Sept. 29 (Bloomberg) -- Vietnam’s benchmark stock index may rally as much as 27 percent next year as a rebounding economy and slowing inflation prompt investors to pour money into shares, according to Thang Long Securities Joint-Stock Co.
The Ho Chi Minh City Stock Exchange’s VN Index may reach as high as 550 “at some points” next year, Quach Manh Hao, deputy chief executive officer at Thang Long Securities, the nation’s third-largest brokerage, said in an interview in Hanoi. The gauge closed at 433.97 yesterday.
“I have a bullish view on the stock market from now until the middle of next year,” he said. “Inflation has peaked, while the economy is expected to rebound and borrowing costs are coming down.”

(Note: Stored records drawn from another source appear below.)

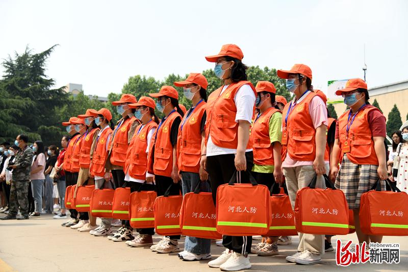 图为beat365在线唯一官网登录大学生人防志愿者队伍。 张超摄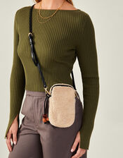 Designed in soft faux shearling, this bag is all you'll need for autumn walks. A practical place to keep your phone, keys and cards safe, it features a zip fastening, beaded tassel and an adjustable strap.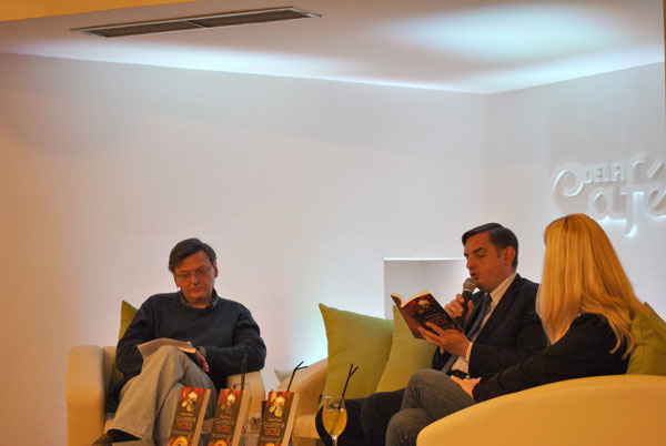 Kafe popularne knjižare „Delfi“ u SKC-u bio je u četvrtak uveče prepun znatiželjnika koji su došli da iz prve ruke – od autora i urednika – saznaju šta se krije između korica 10. romana Miomira Petrovića „Galerijeve vatre“ u izdanju „Lagune“.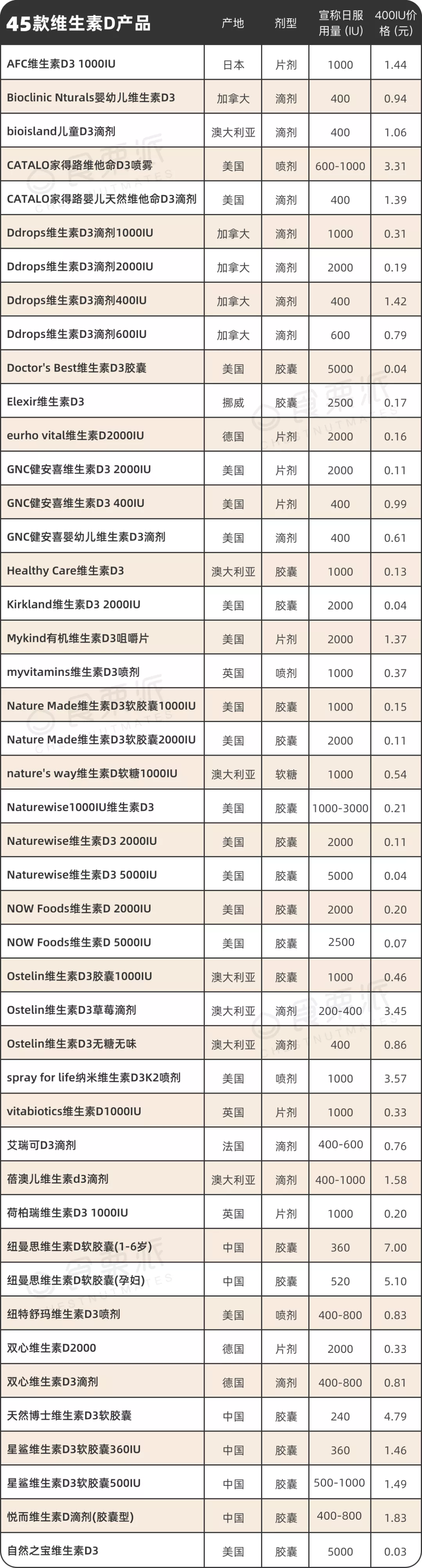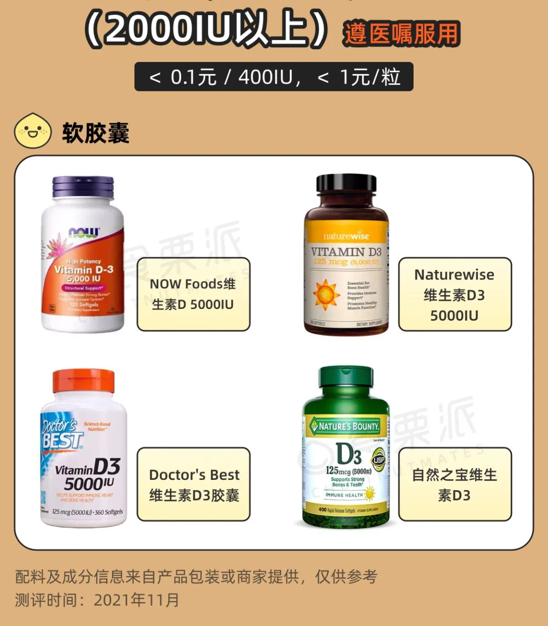 高於2000IU的產品雖然便宜,但並不適合一般人羣服用。這樣看來,一般人選擇600IU~2000IU的產品,性價比最高。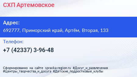 СХП Артемовское по адресу 692777, Приморский край, Артём, Вторая, 133 в дальнейшем Организация, размещена в следующих категориях: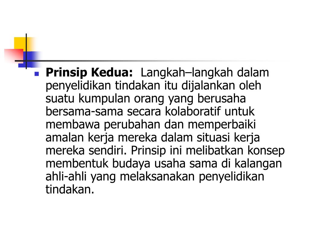 Prinsip Kedua: Langkah–langkah dalam penyelidikan tindakan itu dijalankan oleh suatu kumpulan orang yang berusaha bersama-sama secara kolaboratif untuk membawa perubahan dan memperbaiki amalan kerja mereka dalam situasi kerja mereka sendiri. Prinsip ini melibatkan konsep membentuk budaya usaha sama di kalangan ahli-ahli yang melaksanakan penyelidikan tindakan.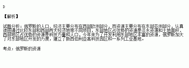 讀下圖 “俄羅斯亞洲部分和歐洲部分幾種資源比例示意圖”,判斷俄羅斯亞洲部分占優(yōu)勢(shì)的資源是( )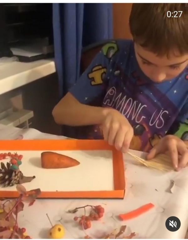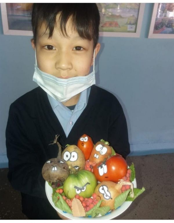 1 А класс Куанов Ильяс "Волшебница осень"Выставка поделок из овощей и фруктов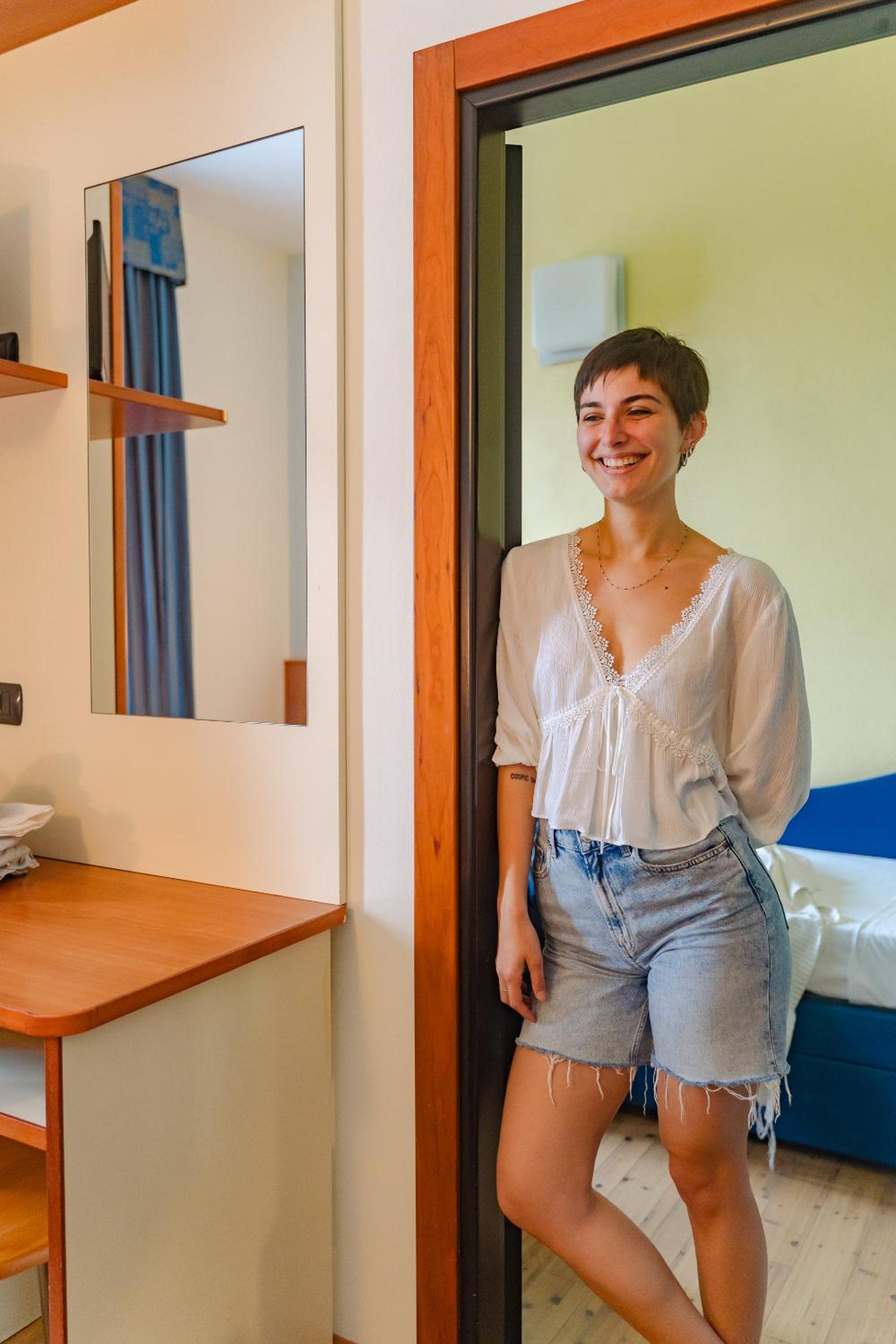 La camera è un po’ datata e con spazi piuttosto ristretti, ma nel complesso accogliente e funzionale

The VN Index has risen 0.3 percent this quarter, the only advance among Asian benchmark indexes tracked by Bloomberg, as consumer-price gains slowed and the central bank cut its repurchase rate in July after nine consecutive increases. The government is aiming for gross domestic product growth of 6.5 percent and inflation of less than 10 percent next year, it said in separate statements in June.
The stock gauge has tumbled 10 percent this year as inflation accelerated to the fastest pace among 17 Asian economies tracked by Bloomberg. Shares on the index traded as low as 8.9 times estimated earnings in the week ended Aug. 12, the lowest since March 27, 2009, when the gauge began a seven- month rally and more than doubled to a peak of 624.10 in October that year.
Growth slowed in the first three quarters of 2011 after the government pushed up borrowing costs earlier this year in a bid to curb price gains. For the nine months through September, the economy expanded 5.76 percent, down from 6.54 percent in the first three quarters of 2010, according to General Statistics Office figures released on Sept. 24.
“It seems that the situation can’t be worse, and we actually have seen that cash flow into the stock market has improved,” Hao said. The Ho Chi Minh Stock Exchange is the second-smallest of 16 in Asia-Pacific tracked by Bloomberg, and more than 14 times smaller by market capitalization than Southeast Asia’s largest exchange in Singapore.
The State Bank of Vietnam has increased the repurchase, refinancing and discount rates to stem credit growth and slow inflation. The central bank raised the repurchase rate in nine steps from 7 percent at the start of November last year to 15 percent in May 2011, before cutting it in July to 14 percent.
Consumer prices climbed 22.42 percent in September from a year earlier, easing from a 23.02 percent gain in August, according to figures released by the General Statistics Office.
Inflation in Vietnam “has been staying at a high level” and “lasting for a long time,” Vu Duc Dam, chairman of the statistics office, said on Sept. 26. The government will “firmly” pursue its tight monetary and fiscal policies until the end of the year, Dam said.
“Monetary policy is a bit tighter, but it also shows the determination of the government in stabilizing the economy,” Hao said.
Hao recommended investors buy stocks of companies in sectors such as construction materials, food and beverage or logistics.